3. Scheduled Maintenance.
3.1 Neustar may perform maintenance on its systems at any time. Scheduled Maintenance which may result in the customer's inability to access (a) client-side web-based user interfaces, (b) zone/data transfer mechanisms, or (c) applications
programming interfaces (APIs), or other customer accessible data manipulation software will either occur during Neustar's standard maintenance window on Saturday through Sunday from 12:00AM to 4:00AM Eastern Time or during a time period that is
communicated to the Customer at least forty-eight (48) hours in advance. Notice of Scheduled Maintenance will be provided to Customer's designated point of contact by a method elected by Neustar (including telephone, email, fax, pager, mail or
notification to the Neustar Customer management portal). DNS queries will continue to resolve during Scheduled Maintenance.
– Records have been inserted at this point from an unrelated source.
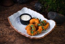 190/50 г • Креветки в хрустящей панировке, приготовленные в соевом соусе. Подаются с соусом на выбор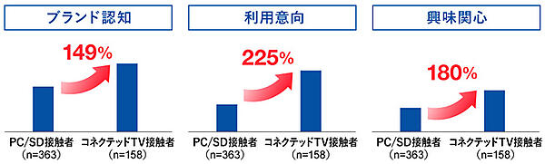 接触者の属性やブランド評価への効果検証など、クライアント企業の目的に応じて自由に調査項目を設定することができる。7月にTBSテレビで調査した際には、コネクテッドTVで配信したTVer広告は、PCやスマートデバイス(SD)で配信したTVer広告と同等の広告認知を得られた。「ブランド認知」「利用意向」「興味関心」などの態度変容でもPCやSDの約150~225%と高い広告効果が確認できたという。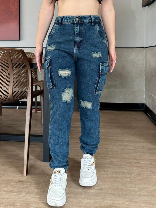 Jean cargo mujer tono azul clásico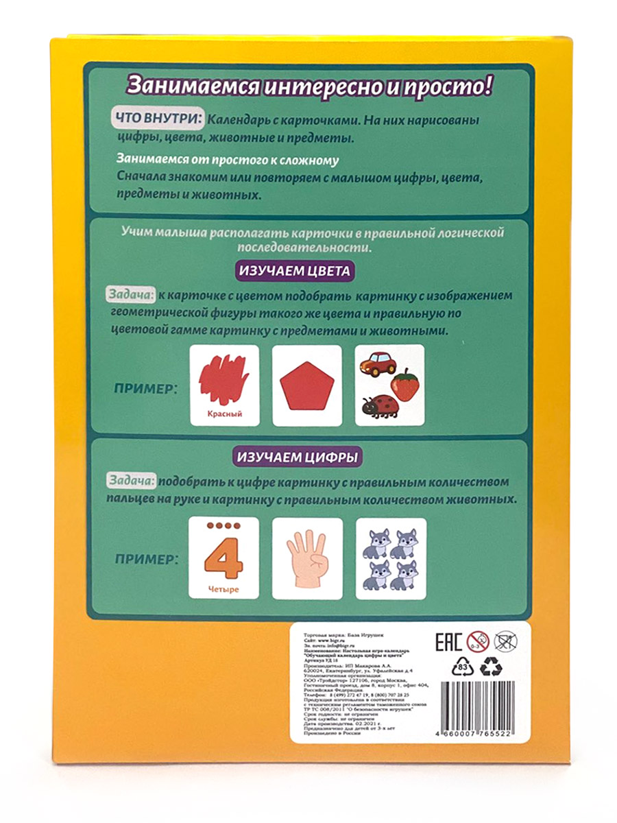 Цифры и Цвета, обучающий календарь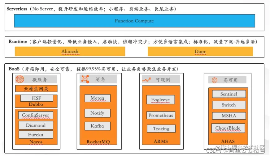阿里巴巴开源、自研、商业化技术三位一体,用公有云支持阿里集团上云,以开源为内核做内部扩展,以商业化为基础做内部定制;后端BaaS化,客户端轻量化,业务侧Serverless化。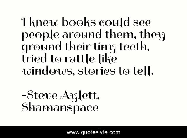 This page presents the quote "I knew books could see people around them, they ground their tiny teeth, tried to rattle like windows, stories to tell.". Author of this quote is Steve Aylett, Shamanspace. .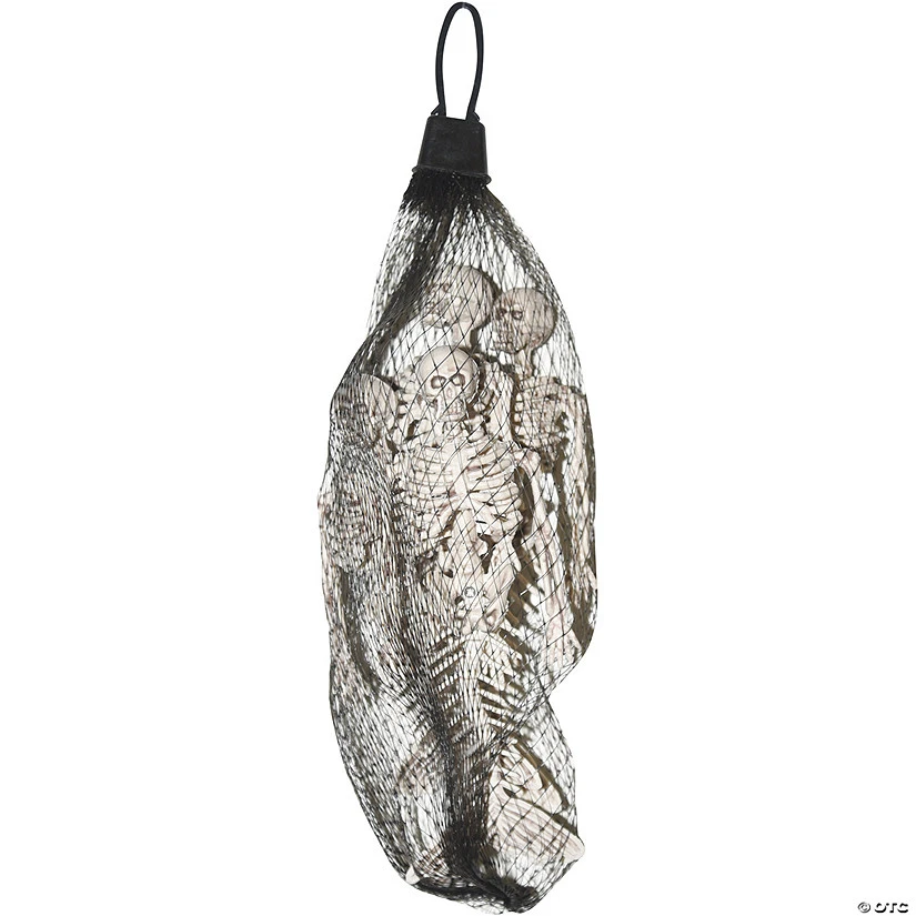 Unique Halloween Decor! Plastic mermaid style skeletons, 4 mermaid skeletons per pack, offered in black net bag. Each mermaid skeleton measures 6″ tall.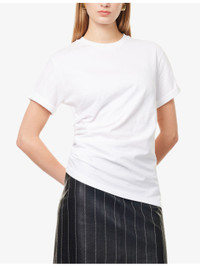 PRODUCT DETAILS - Victoria Beckham cotton T-shirt - 100% cotton - Round neck, short sleeves, gathers at side, lightweight - Machine wash at 30°C - Made in Portugal - True to size - Model is 5ft 10in/1.78m and wears a size small - Lightweight, non-stretch Ref: R04472752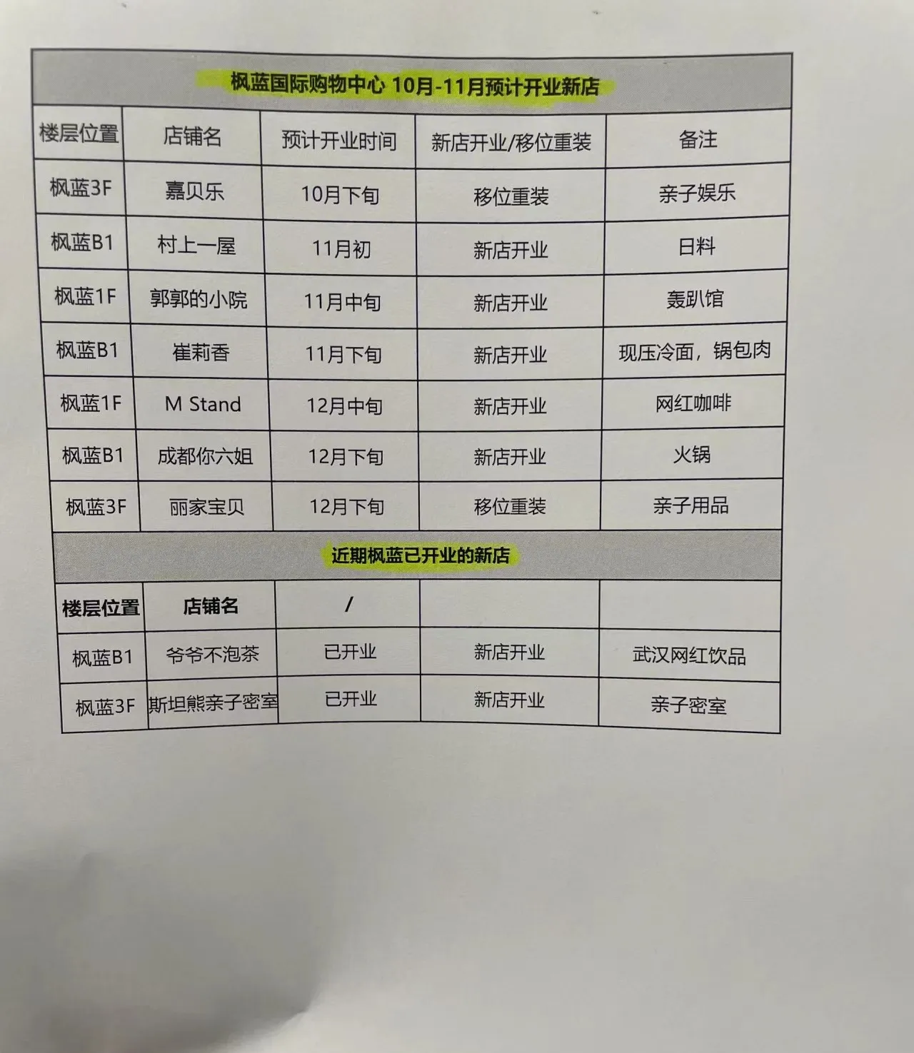 枫蓝国际购物中心近期开业的新店信息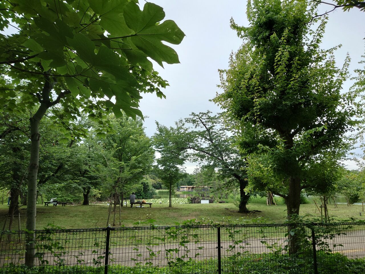 内側が植物園で、その水辺が見えるのです。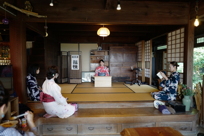 季節を感じる着物を纏い、お庭の紅葉を眺めながらお点前を楽しむ。心地よい秋の風を感じながら、三味線の音色に耳を傾け、生け花を眺める。お腹がすいてきたら、筑波山名物のみよこの七味をかけた豚汁と炊きたての栗ご飯で舌鼓。張りのある声で語られる講談を聞きながら、日本の伝統芸能に親しむ。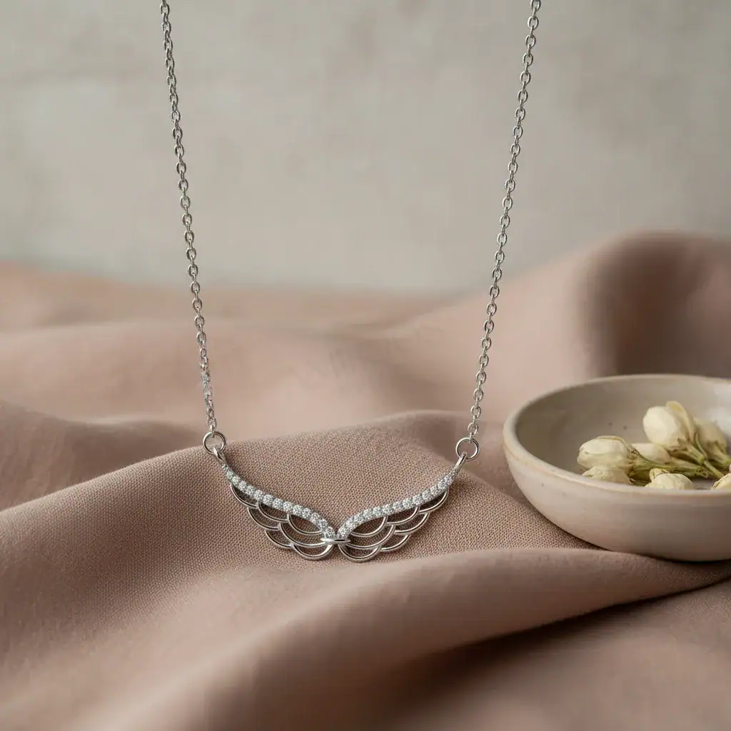 שרשרת כנפיים כסף היא תכשיט עוצר נשימה, המשלב אלגנטיות עם סמליות עמוקה. השרשרת מעוצבת בצורת כנפיים עדינות, משובצות זירקונים נוצצים, היוצרים מראה זוהר ומרשים. הכנפיים, המצופות רודיום איכותי, מעניקות תחושה של קלילות וחופש, ומשדרות סטייל ייחודי ובלתי נשכח.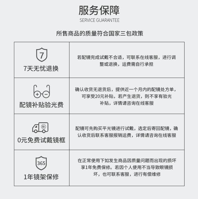 现在网购镜架的时候在详情页的最下方,一般都会有这款眼镜的详细参数。当你在网上试戴的时候,如果你觉得尺寸和重量都没问题,不妨根据镜架的身份证寻找一个完美的替换镜架。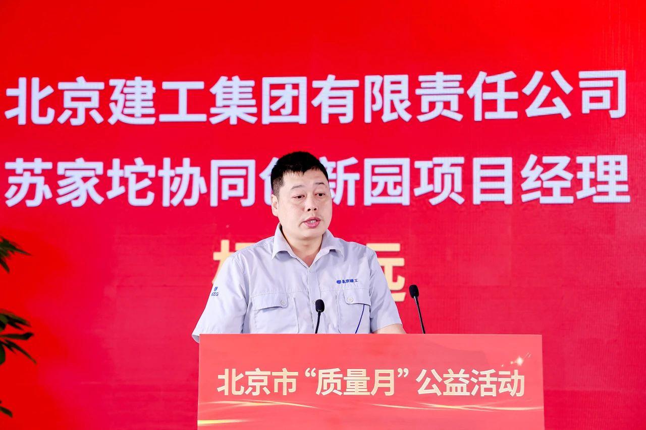 日前,以“回应群众新期待 建设品质好住宅”为主题的2024年北京市工程建设“质量月”公益活动在北京建工集团承建的苏家坨镇一镇一园集体产业用地北京协同创新园项目举办。活动由北京市住房城乡建设委员会、北京市海淀区住房城乡建设委员会指导,北京市建筑业联合会、北京市海淀区建筑业行业协会、北京市建设监理协会和北京市工程建设质量管理协会主办,北京建工集团协办。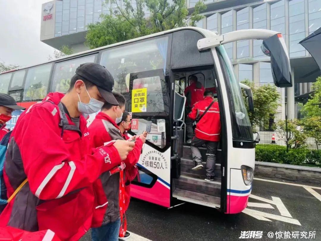 来自四川都江堰的孔马追今年27岁,同时也是两个孩子的父亲,他最小的孩子才9个月。惊蛰研究所和孔马追连线时已经是4月20日晚上的11点,此时的他刚吃过晚饭,正与京东上海青浦区站点的其他援沪快递员们,一起等待前往公司安排的酒店。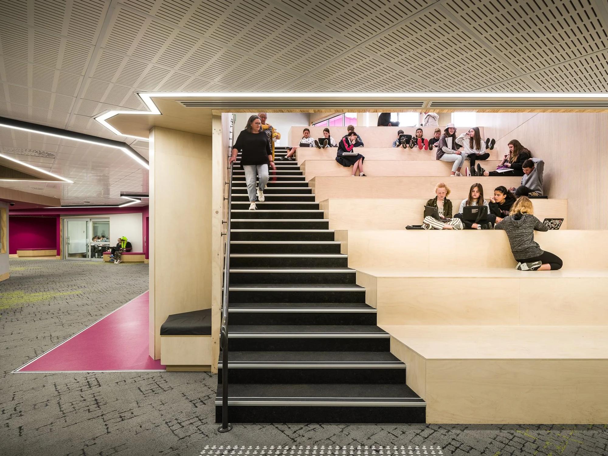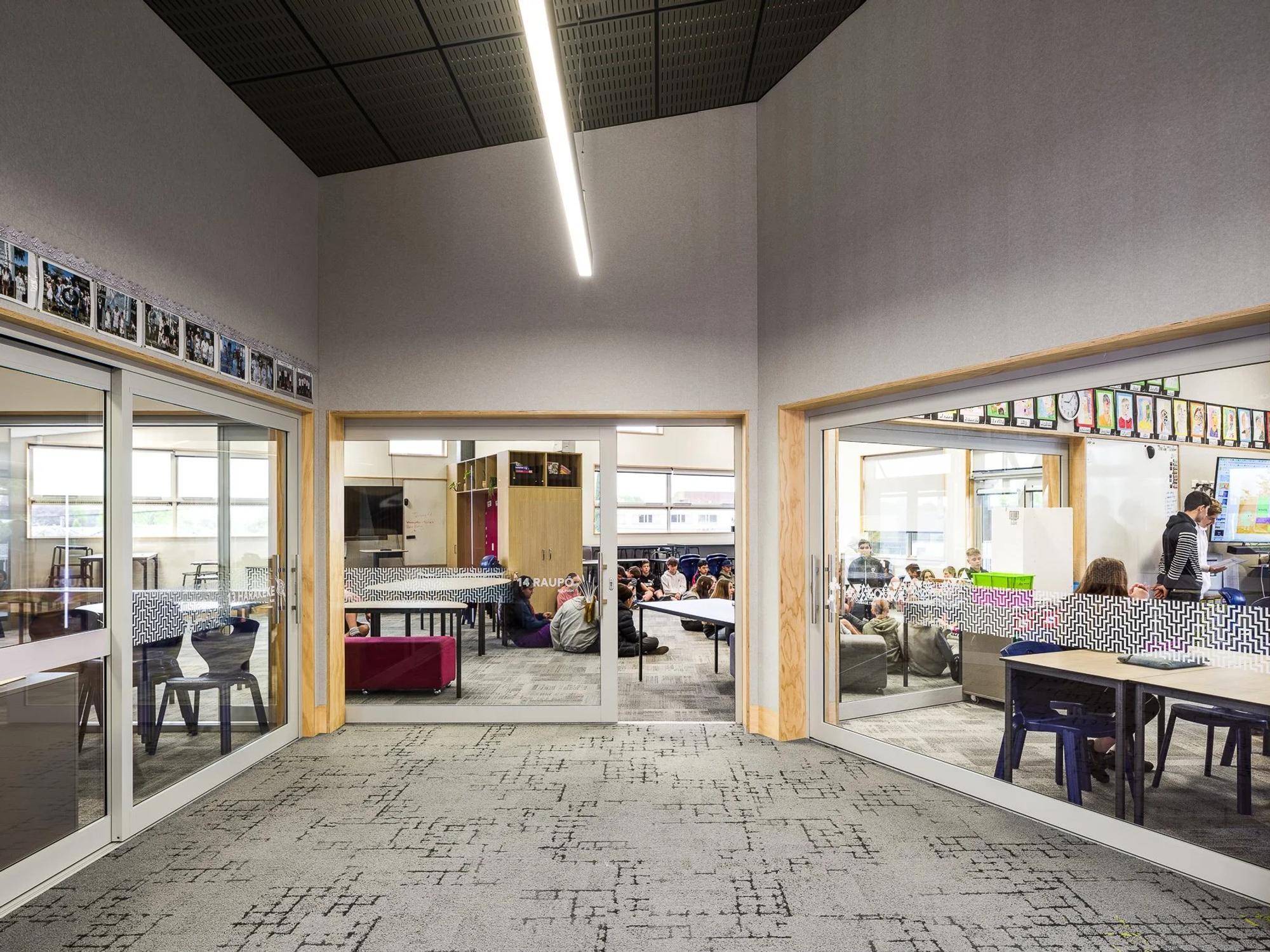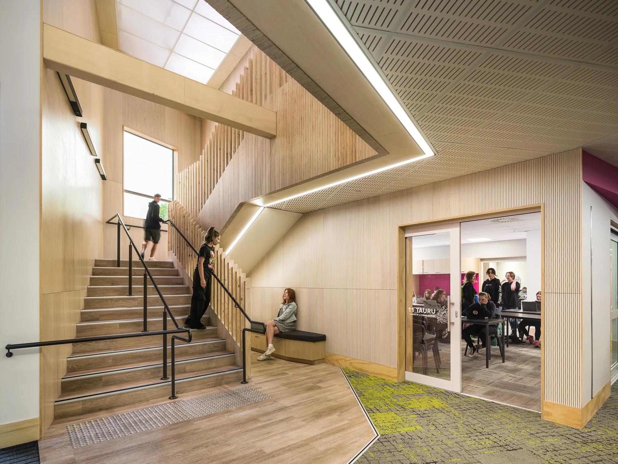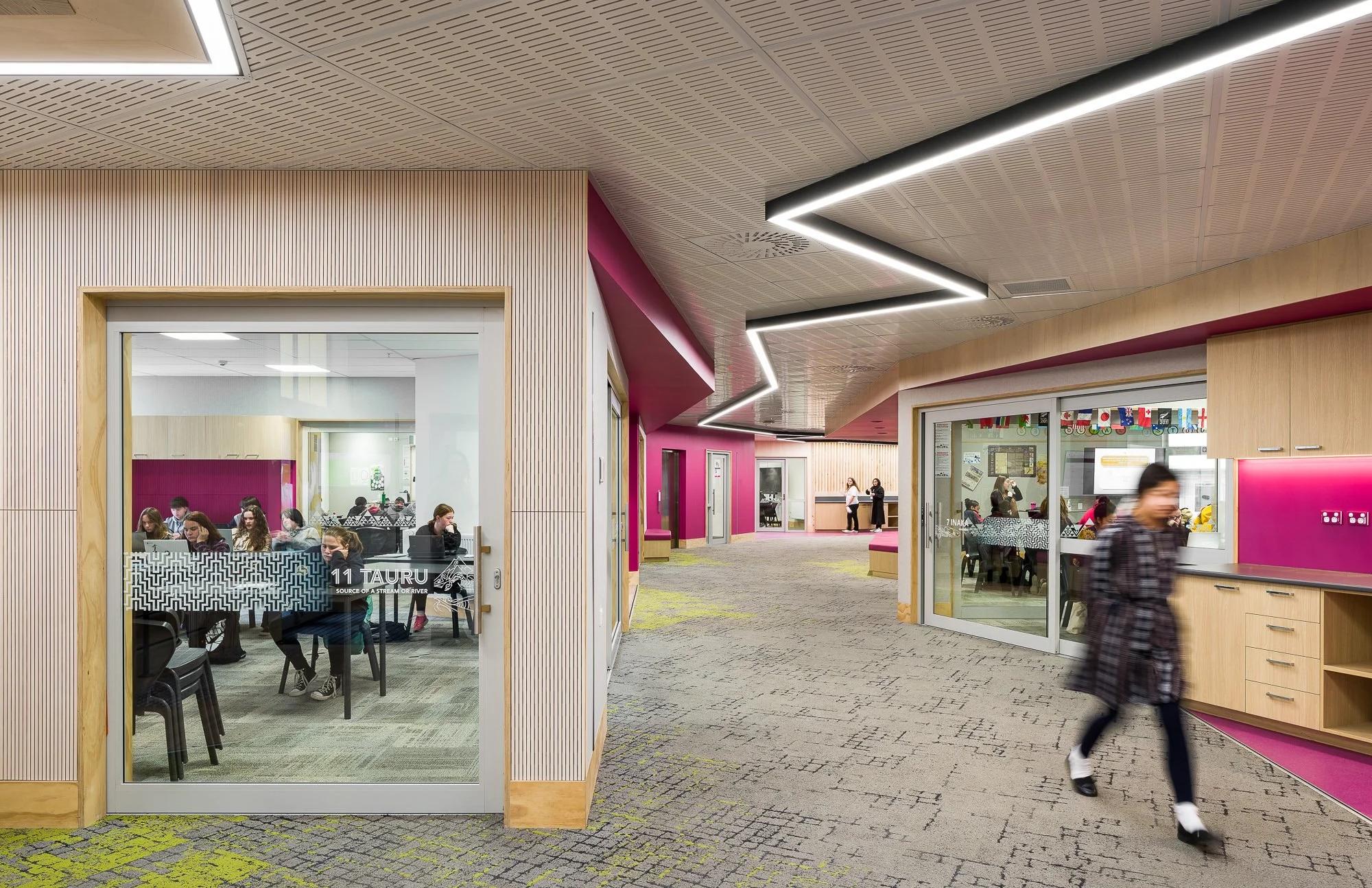 The masterplan combines upgrades to existing buildings with the construction of a new purpose-built Middle School comprising 22 general learning spaces. The design process was highly collaborative, involving administration, teachers, parents, and students to ensure that growth does not compromise the school’s caring and inclusive culture. The Middle School incorporates spaces for Ko Taku Reo (Deaf Education) and visually impaired students, featuring integrated visual warning systems and flexible spaces that allow participation alongside Hillmorton High students. A new landscaped pedestrian boulevard will connect the Middle School to the Upland block, a Special Needs Unit, further reinforcing inclusivity and connectivity across the campus.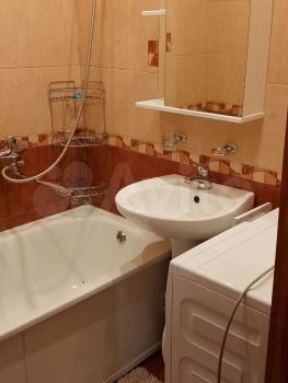 В квартире выполнен свежий евро ремонт. В гостиной установлен удобный диван и шкафы для хранения вещей. Санузел раздельный, оборудован современной сантехникой и стиральной машиной.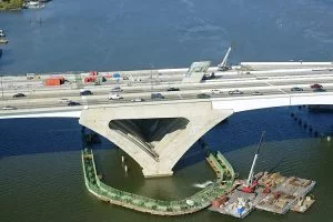 The $2.5 billion Woodrow Wilson Bridge Control Tower project was designed by Washington architectural firm, KressCox Associates (now Cox, Graae + Spack). The most architecturally interesting aspect is the bridge’s ship-like operator’s tower, an arresting vertical presence in curved glass that emulates the look of an ocean-going ship’s smoke stacks.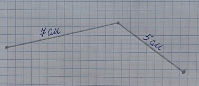 3) Начертим ломаную такой же длины, но состоящую из двух звеньев, длины которых выражены в сантиметрах:

4. Remedies for Service Outages.
4.1 If Neustar determines that the Service Outage reported by Customer occurred, Neustar will issue to Customer a credit, upon Customer's request, calculated on the pro-rated charges for the Services Fee ("Credit") for the Services as follows:
If the Service Outage lasted for more than five (5) minutes in the aggregate, but less than four (4) hours in the aggregate, then Neustar will issue a Credit to be applied towards the next monthly invoice for Services provided under this
Agreement, equal to the pro-rated charges for one (1) day of the Services. If Neustar determines that the Service Outage lasted for four (4) or more hours in the aggregate ("Prolonged Service Outage"), then Neustar will issue a Credit to be
applied towards the next monthly invoice for Service provided under this Agreement, equal to the pro-rated charges for one (1) week of the Services.
4.2 Any claims for a Credit must be made by Customer within thirty (30) days after the alleged Service Outage and will be made to Neustar's customer support organization in writing. Claims made thirty (30) days after the event will not be
eligible for any of the remedies described herein. Customer will provide to Neustar all relevant details and documentation supporting Customer's claims of a Service Outage. Neustar will investigate the claim and will respond back to Customer
within ten (10) business days of receipt of the notification of a claim from Customer.
4.3 Credits shall only apply to Services provided pursuant to Services Fee and will not apply to any Neustar professional services or any other form of custom development services provided by Neustar. Customer's sole and exclusive remedy, and
Neustar's sole and exclusive liability, in the event Neustar fails to meet this Service Level Agreement, shall be to receive a credit in accordance with the terms of this Section 4.